The good news is that in Louisiana, education administrators already know that. Superintendents from Terrebonne, Lafourche and St. Mary parishes have all said that much of their new approach to learning and standardized testing has focused on lower grade levels with the intention of instilling skills that will lead to graduation.


Louisiana’s current graduation rate is at an embarrassing 67.4 percent. State law passed in 2009 mandates that level be improved to 80 percent by 2014. That is an improvement, but still not something to brag about.

The SREB report noted that in southern states only 28 percent of students tested scored at a level of proficiency in reading. Only 29 percent did so in math.
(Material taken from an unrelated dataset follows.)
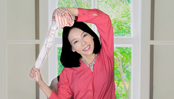 3)吸う:タオルを持った両腕を、ゆっくりと頭上へ引き上げ、吐きながら右側に体を倒す(4呼吸ほどキープ)

The SREB answers such conditions by advising that:


• Teachers and administrators undergo training to focus on middle school

• Middle schools focus on engineering, literacy, math, science and technology


• States aim at having 90 percent of eighth graders graduate high school

• Eighty percent of graduates secure post secondary training

• And 66 percent of them complete college or career training

We believe more measures should be added:

• Allow administrators and teachers, not legislators and bureaucrats, to teach in the classroom

• Eliminate teaching simply to pass standardized tests and focus on practical subjects

• Stop selling the idea that moving from an F to an F+ is a major accomplishment

• Instill rewards for those making the grade, among teachers and pupils, and consequences for those that do not

Until public education becomes results oriented and eliminates the practice of modifying facts to make everyone feel better about whom they are, no genuine educating will take place at any level.

There still is much for legislators and advocates who impact educators to learn.